WHAT TO WORK ON:
Beneath this line are entries. Copy the range from the line with "The church of Saint Bernardino in Kraków" to the line with "At Gates Barbecue", ends included, exactly; leave pictures out.

RECORDS SHOWN:
*** Begin section ***

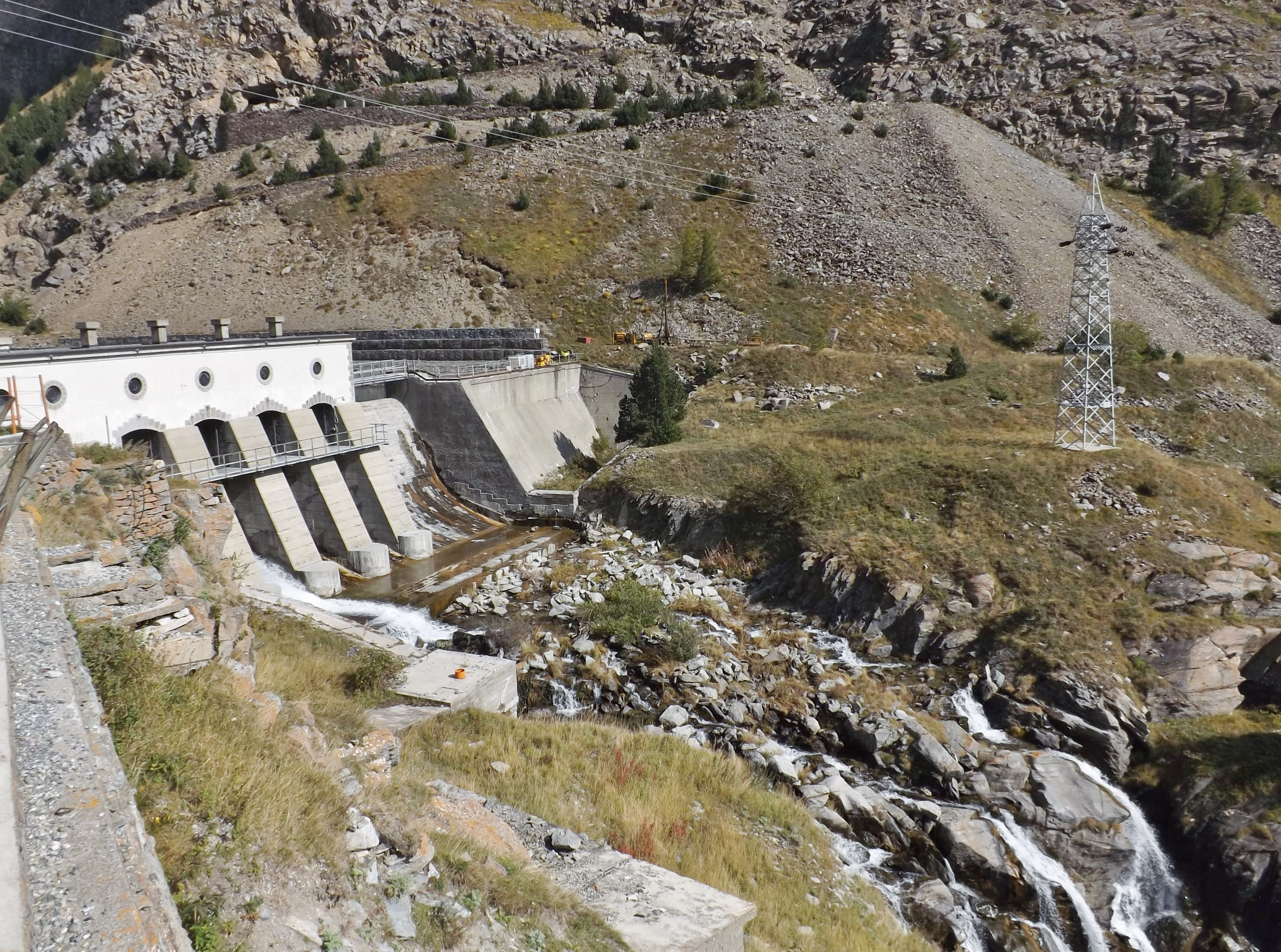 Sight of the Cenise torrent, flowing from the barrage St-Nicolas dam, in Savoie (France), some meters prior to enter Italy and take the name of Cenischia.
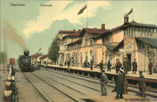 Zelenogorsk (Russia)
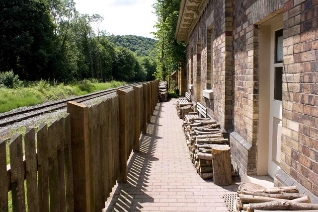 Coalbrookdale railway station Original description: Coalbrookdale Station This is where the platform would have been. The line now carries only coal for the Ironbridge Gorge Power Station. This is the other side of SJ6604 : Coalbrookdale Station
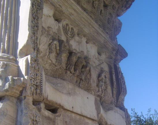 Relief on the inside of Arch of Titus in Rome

*** End section ***
*** Begin section ***

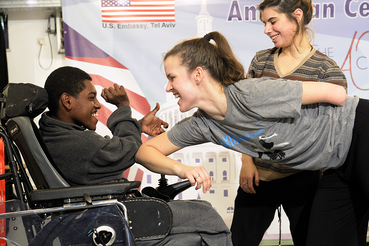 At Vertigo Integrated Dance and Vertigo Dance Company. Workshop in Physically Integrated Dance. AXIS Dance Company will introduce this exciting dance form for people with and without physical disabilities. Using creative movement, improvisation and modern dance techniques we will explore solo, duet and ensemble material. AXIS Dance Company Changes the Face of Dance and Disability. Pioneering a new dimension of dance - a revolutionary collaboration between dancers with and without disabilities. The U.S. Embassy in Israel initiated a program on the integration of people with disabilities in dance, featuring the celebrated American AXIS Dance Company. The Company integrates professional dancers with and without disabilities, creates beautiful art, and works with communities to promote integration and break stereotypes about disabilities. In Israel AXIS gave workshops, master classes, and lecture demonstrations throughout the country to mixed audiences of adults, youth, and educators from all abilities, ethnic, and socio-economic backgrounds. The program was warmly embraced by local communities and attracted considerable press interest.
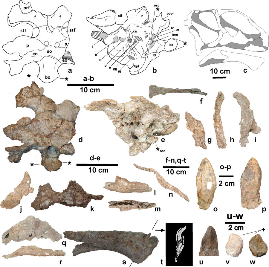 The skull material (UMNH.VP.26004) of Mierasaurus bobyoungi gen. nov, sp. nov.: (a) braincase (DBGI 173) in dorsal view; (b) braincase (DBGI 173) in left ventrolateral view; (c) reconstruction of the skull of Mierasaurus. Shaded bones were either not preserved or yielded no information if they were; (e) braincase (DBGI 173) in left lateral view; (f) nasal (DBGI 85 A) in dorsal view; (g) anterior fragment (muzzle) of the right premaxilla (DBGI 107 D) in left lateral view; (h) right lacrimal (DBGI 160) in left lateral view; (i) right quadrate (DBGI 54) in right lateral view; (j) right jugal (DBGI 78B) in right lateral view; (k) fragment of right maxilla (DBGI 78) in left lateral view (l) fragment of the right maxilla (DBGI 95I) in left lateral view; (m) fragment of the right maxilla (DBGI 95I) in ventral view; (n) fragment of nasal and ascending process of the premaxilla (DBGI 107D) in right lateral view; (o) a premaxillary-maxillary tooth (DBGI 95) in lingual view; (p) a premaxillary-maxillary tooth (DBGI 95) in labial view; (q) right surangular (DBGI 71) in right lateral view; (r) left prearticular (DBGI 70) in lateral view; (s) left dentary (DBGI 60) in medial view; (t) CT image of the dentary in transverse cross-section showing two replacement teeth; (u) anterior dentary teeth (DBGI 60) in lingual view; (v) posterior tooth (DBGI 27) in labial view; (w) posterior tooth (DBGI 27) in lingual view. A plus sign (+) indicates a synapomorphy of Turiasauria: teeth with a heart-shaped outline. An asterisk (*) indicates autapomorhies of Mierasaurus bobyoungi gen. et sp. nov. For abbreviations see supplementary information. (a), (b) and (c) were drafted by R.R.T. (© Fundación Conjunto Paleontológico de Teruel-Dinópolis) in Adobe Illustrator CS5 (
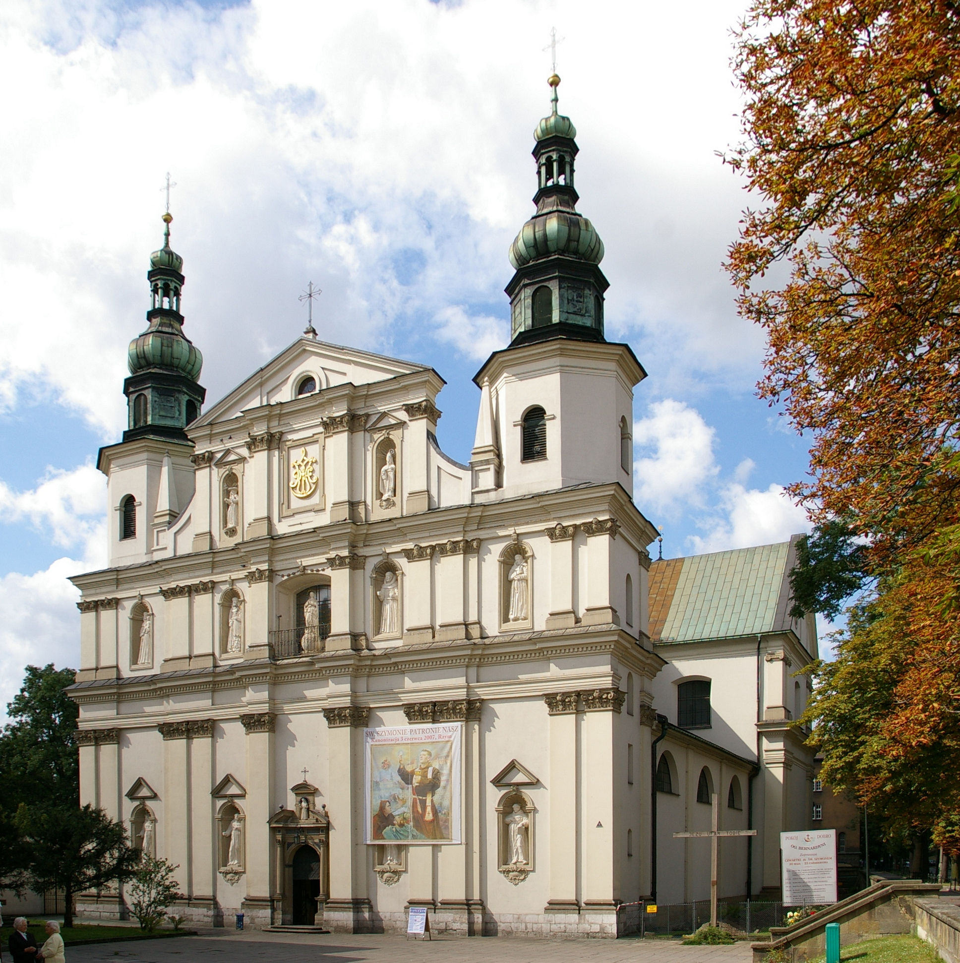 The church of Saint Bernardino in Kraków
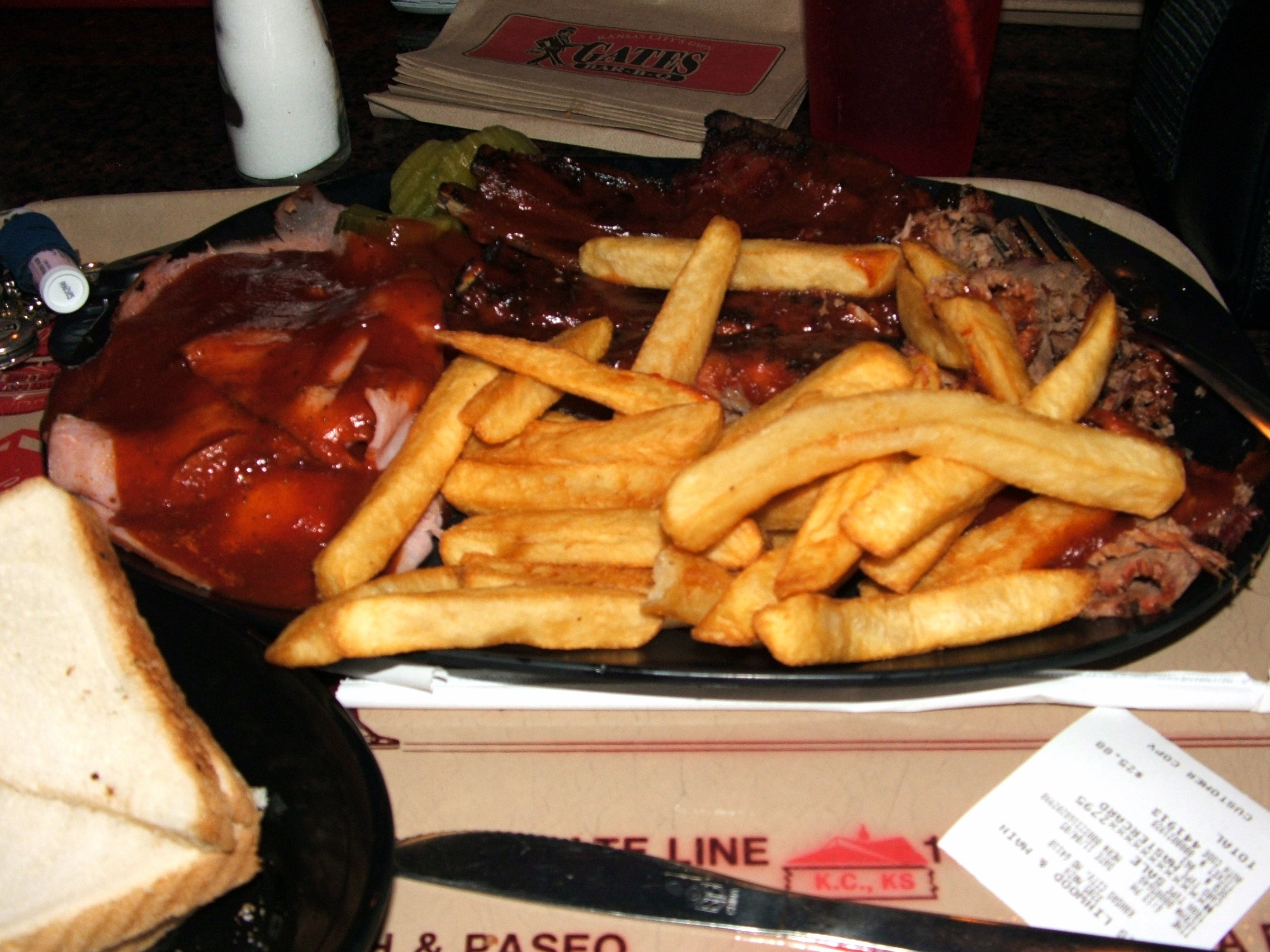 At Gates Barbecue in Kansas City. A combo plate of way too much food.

*** End section ***

SOLUTION:
 The church of Saint Bernardino in Kraków
 At Gates Barbecue in Kansas City. A combo plate of way too much food.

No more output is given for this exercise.